> **WHAT THIS TASK INVOLVES**
Make an exact copy of all the data, pictures excluded.

> **MATERIAL PROVIDED**
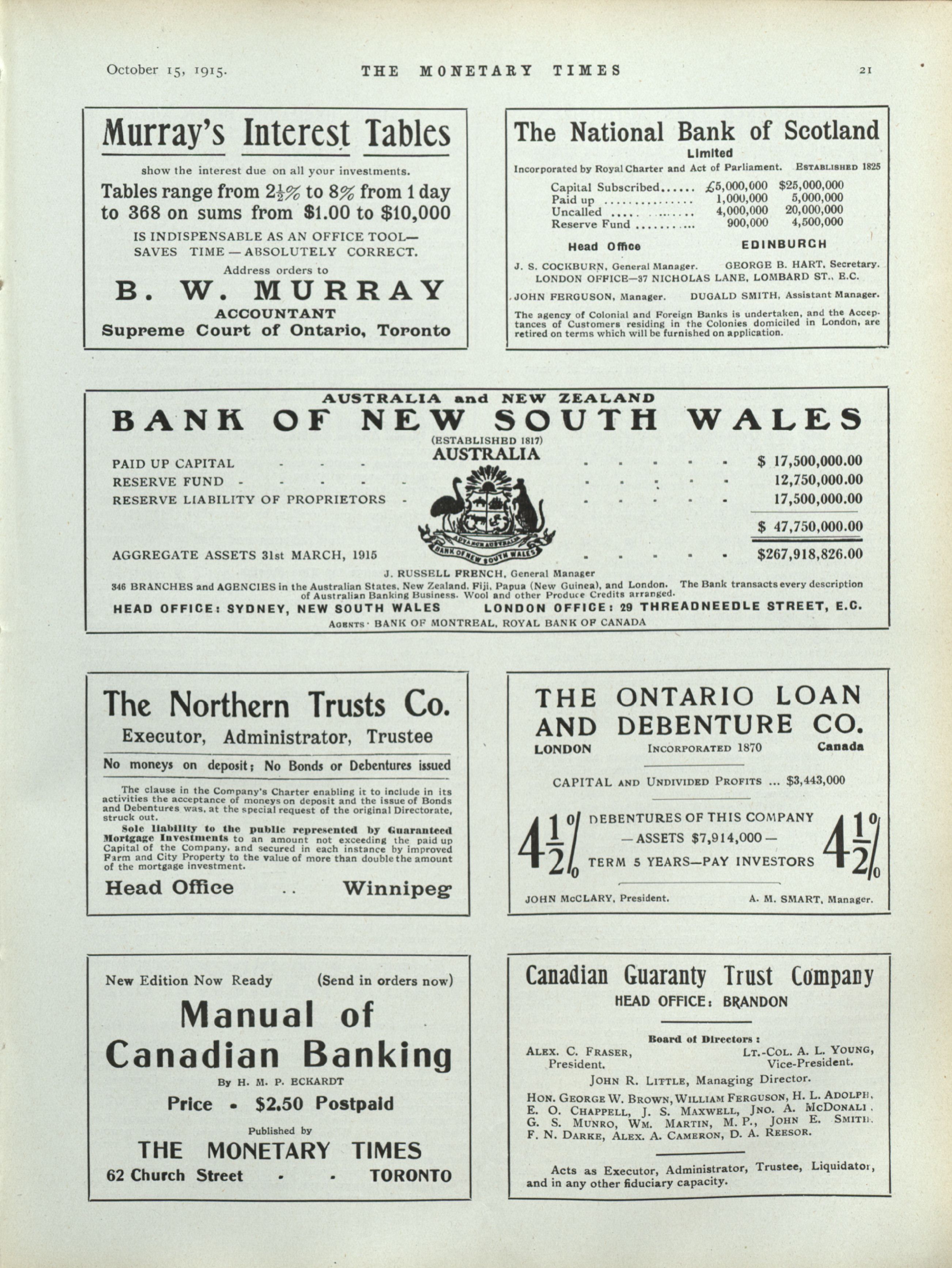 - The Monetary Times, trade review and insurance chronicle. : Volume 55 No. 16 (October 15, 1915)
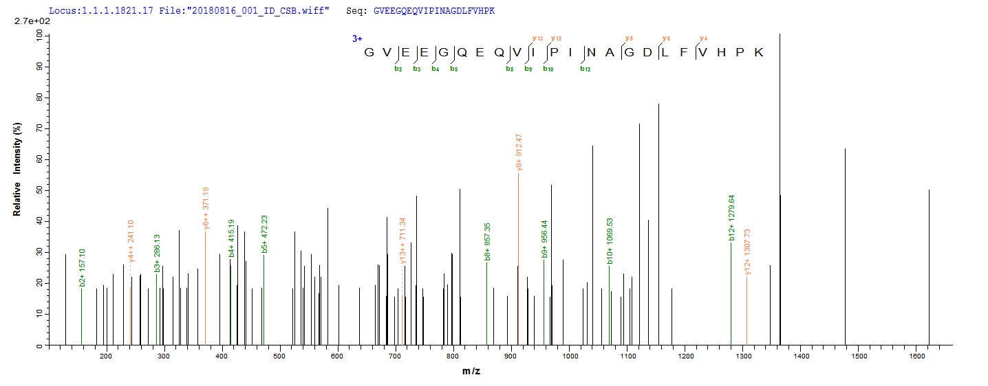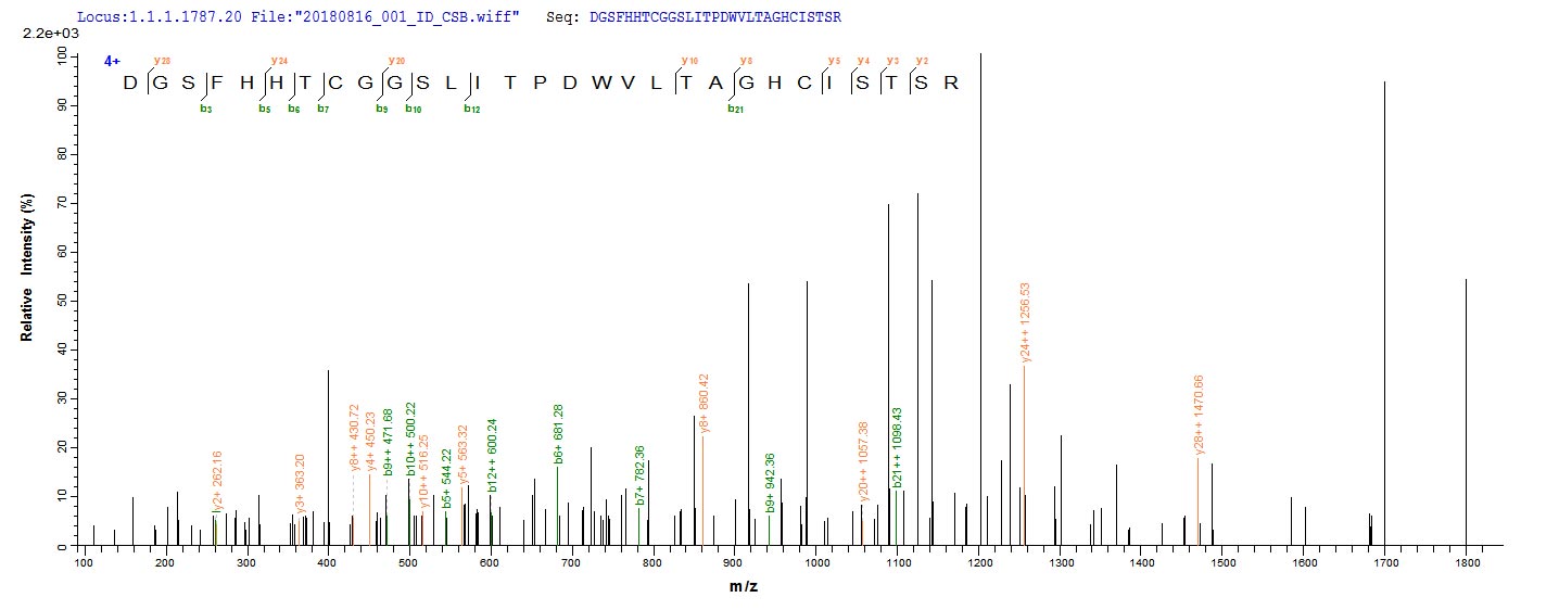 Based on the SEQUEST from database of Yeast host and target protein, the LC-MS/MS Analysis result of CSB-YP875103MO could indicate that this peptide derived from Yeast-expressed Mus musculus (Mouse) Cela3b.
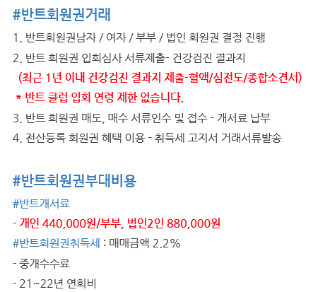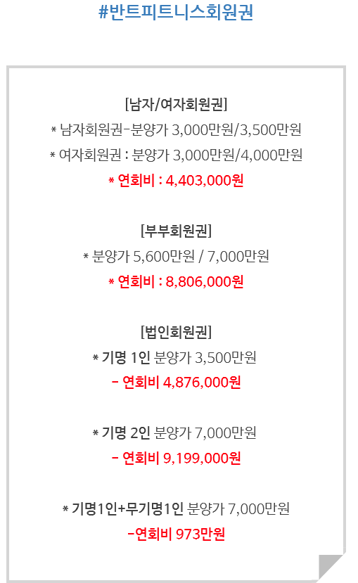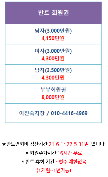 21년연회비 반트스포츠클럽 반트회원권 반트여자 부부 남자 회원권 안내입니다.
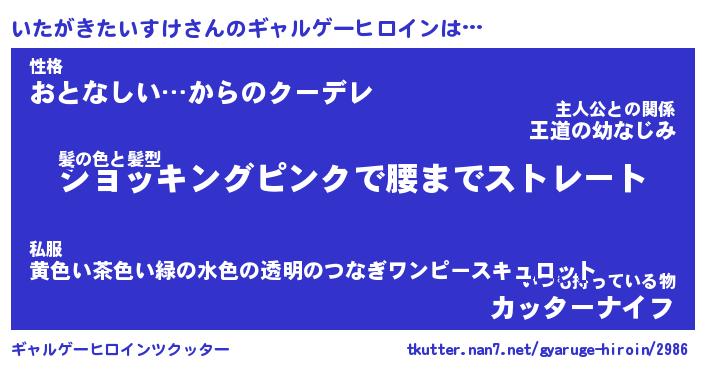 | 男性向けラノベタイトル風あだ名 | 『いたがきたいすけの憂鬱』 |
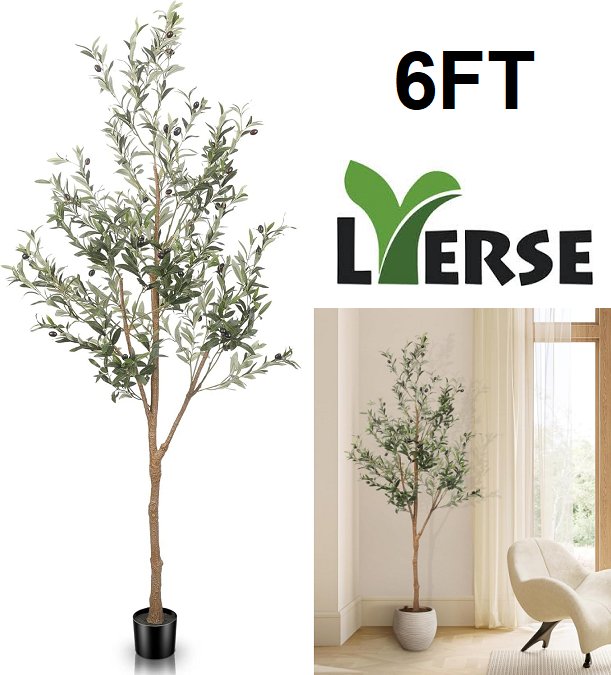 LYERSE ARTIFICIAL PLANTS DECORATIVE OLIVE TREE WITH POT - 6FT - green

> **PROBLEM SOLUTION**
 - The Monetary Times, trade review and insurance chronicle. : Volume 55 No. 16 (October 15, 1915)
 Based on the SEQUEST from database of Yeast host and target protein, the LC-MS/MS Analysis result of CSB-YP875103MO could indicate that this peptide derived from Yeast-expressed Mus musculus (Mouse) Cela3b.
 21년연회비 반트스포츠클럽 반트회원권 반트여자 부부 남자 회원권 안내입니다.
 | 男性向けラノベタイトル風あだ名 | 『いたがきたいすけの憂鬱』 |
 LYERSE ARTIFICIAL PLANTS DECORATIVE OLIVE TREE WITH POT - 6FT - green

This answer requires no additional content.